• Problem requirements:
Output the line containing "O número 26" and each line after it through the end of the data, exactly as written, with pictures left out.

[Data extracted from a collection]
※ ※ ※
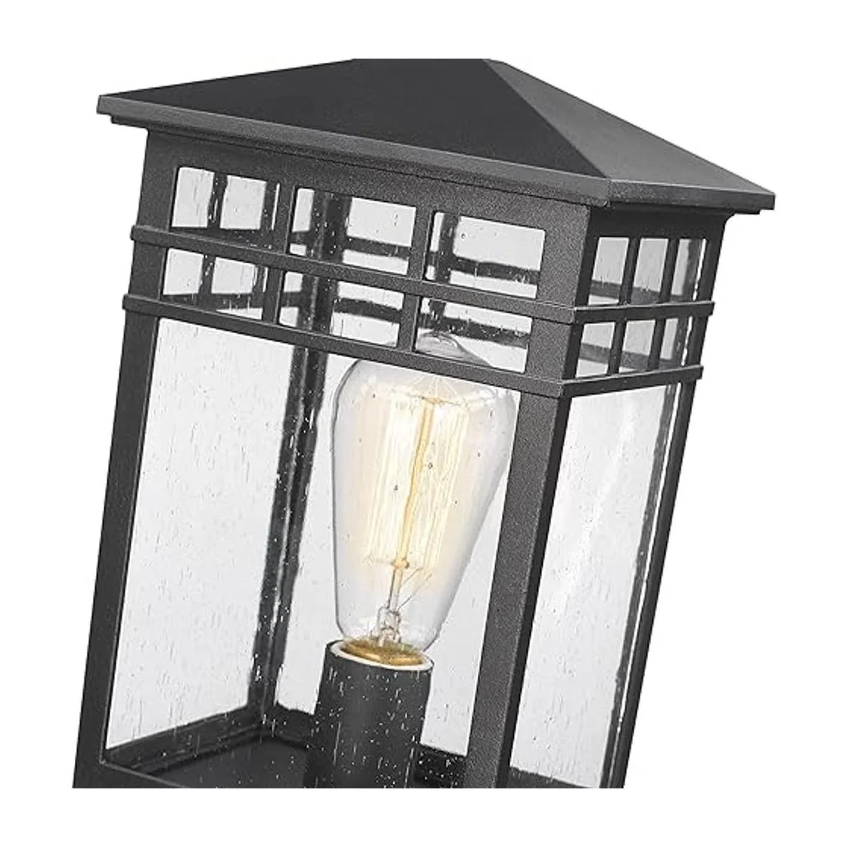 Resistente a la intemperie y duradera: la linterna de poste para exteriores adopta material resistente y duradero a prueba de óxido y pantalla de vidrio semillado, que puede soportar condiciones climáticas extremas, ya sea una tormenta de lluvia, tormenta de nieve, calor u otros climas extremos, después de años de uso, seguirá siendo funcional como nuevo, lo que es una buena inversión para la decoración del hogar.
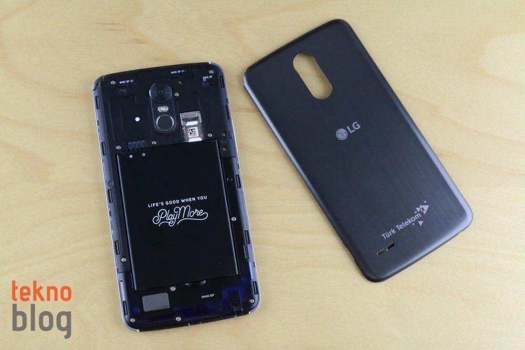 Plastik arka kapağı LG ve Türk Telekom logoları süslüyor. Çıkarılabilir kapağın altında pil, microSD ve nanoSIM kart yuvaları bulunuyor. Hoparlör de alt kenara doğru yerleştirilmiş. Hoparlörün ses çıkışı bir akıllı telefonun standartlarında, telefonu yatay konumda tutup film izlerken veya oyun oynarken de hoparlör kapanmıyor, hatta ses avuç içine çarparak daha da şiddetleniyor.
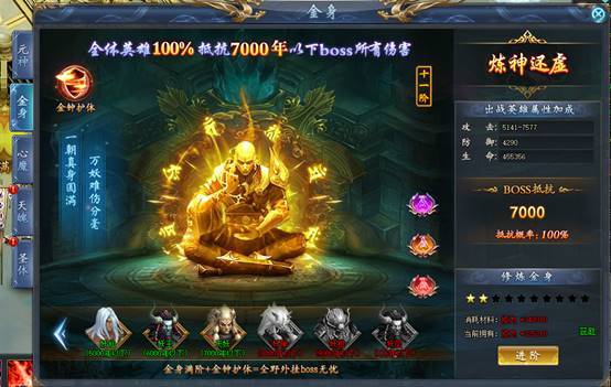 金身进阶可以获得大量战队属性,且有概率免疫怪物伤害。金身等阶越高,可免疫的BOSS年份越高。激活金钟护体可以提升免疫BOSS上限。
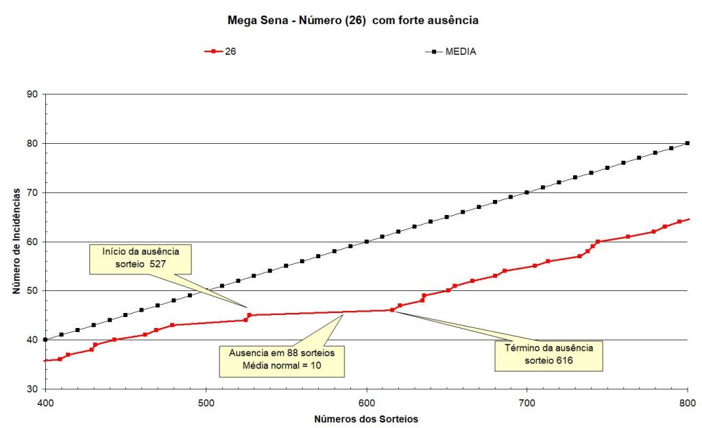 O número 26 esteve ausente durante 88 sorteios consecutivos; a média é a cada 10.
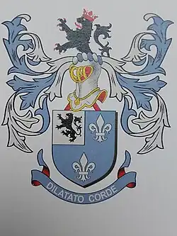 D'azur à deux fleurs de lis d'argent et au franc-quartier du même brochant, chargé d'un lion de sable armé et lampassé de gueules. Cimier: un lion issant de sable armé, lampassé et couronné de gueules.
※ ※ ※
• Exercise solution:
 O número 26 esteve ausente durante 88 sorteios consecutivos; a média é a cada 10.
 D'azur à deux fleurs de lis d'argent et au franc-quartier du même brochant, chargé d'un lion de sable armé et lampassé de gueules. Cimier: un lion issant de sable armé, lampassé et couronné de gueules.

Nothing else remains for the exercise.